● Activity
Your output should be an exact copy of the records, with no pictures in it.

● Dataset

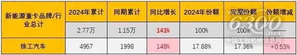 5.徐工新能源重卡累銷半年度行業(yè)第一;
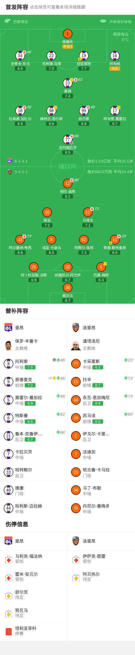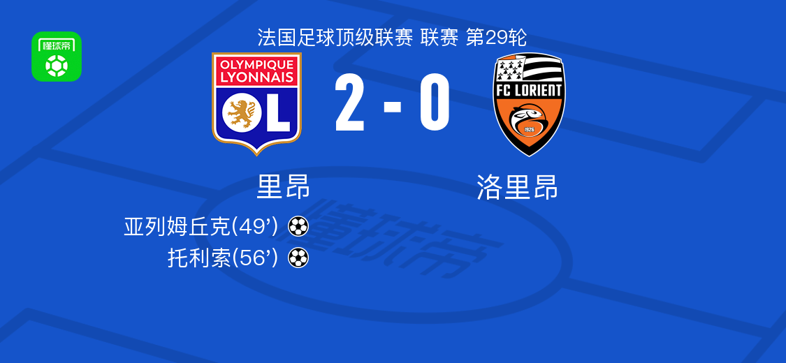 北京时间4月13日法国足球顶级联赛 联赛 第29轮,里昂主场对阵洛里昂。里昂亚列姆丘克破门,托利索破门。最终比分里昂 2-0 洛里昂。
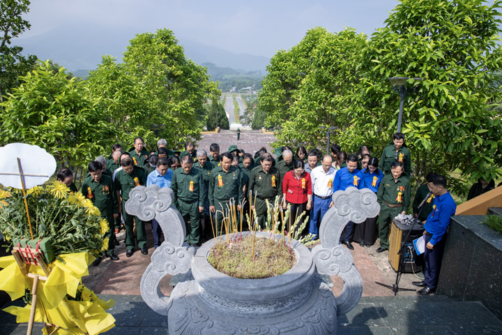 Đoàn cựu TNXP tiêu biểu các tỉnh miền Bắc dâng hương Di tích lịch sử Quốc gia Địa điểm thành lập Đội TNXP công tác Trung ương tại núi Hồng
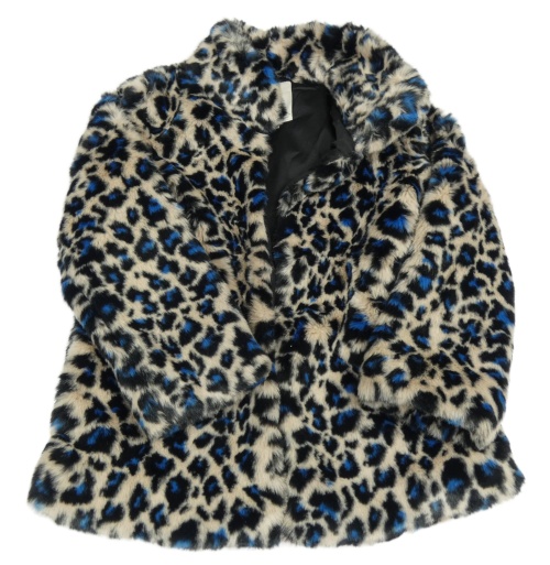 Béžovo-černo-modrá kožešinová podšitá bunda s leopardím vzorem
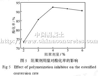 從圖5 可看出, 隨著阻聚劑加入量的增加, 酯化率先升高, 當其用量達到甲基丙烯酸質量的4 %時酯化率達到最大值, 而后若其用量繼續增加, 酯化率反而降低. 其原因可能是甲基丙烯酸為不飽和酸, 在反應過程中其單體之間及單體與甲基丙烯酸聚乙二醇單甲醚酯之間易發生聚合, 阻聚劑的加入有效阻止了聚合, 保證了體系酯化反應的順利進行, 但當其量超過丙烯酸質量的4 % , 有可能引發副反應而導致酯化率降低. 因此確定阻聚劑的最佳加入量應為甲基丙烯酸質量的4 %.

● Exercise answer
 5.徐工新能源重卡累銷半年度行業(yè)第一;
 北京时间4月13日法国足球顶级联赛 联赛 第29轮,里昂主场对阵洛里昂。里昂亚列姆丘克破门,托利索破门。最终比分里昂 2-0 洛里昂。
 Đoàn cựu TNXP tiêu biểu các tỉnh miền Bắc dâng hương Di tích lịch sử Quốc gia Địa điểm thành lập Đội TNXP công tác Trung ương tại núi Hồng
 Béžovo-černo-modrá kožešinová podšitá bunda s leopardím vzorem
 從圖5 可看出, 隨著阻聚劑加入量的增加, 酯化率先升高, 當其用量達到甲基丙烯酸質量的4 %時酯化率達到最大值, 而后若其用量繼續增加, 酯化率反而降低. 其原因可能是甲基丙烯酸為不飽和酸, 在反應過程中其單體之間及單體與甲基丙烯酸聚乙二醇單甲醚酯之間易發生聚合, 阻聚劑的加入有效阻止了聚合, 保證了體系酯化反應的順利進行, 但當其量超過丙烯酸質量的4 % , 有可能引發副反應而導致酯化率降低. 因此確定阻聚劑的最佳加入量應為甲基丙烯酸質量的4 %.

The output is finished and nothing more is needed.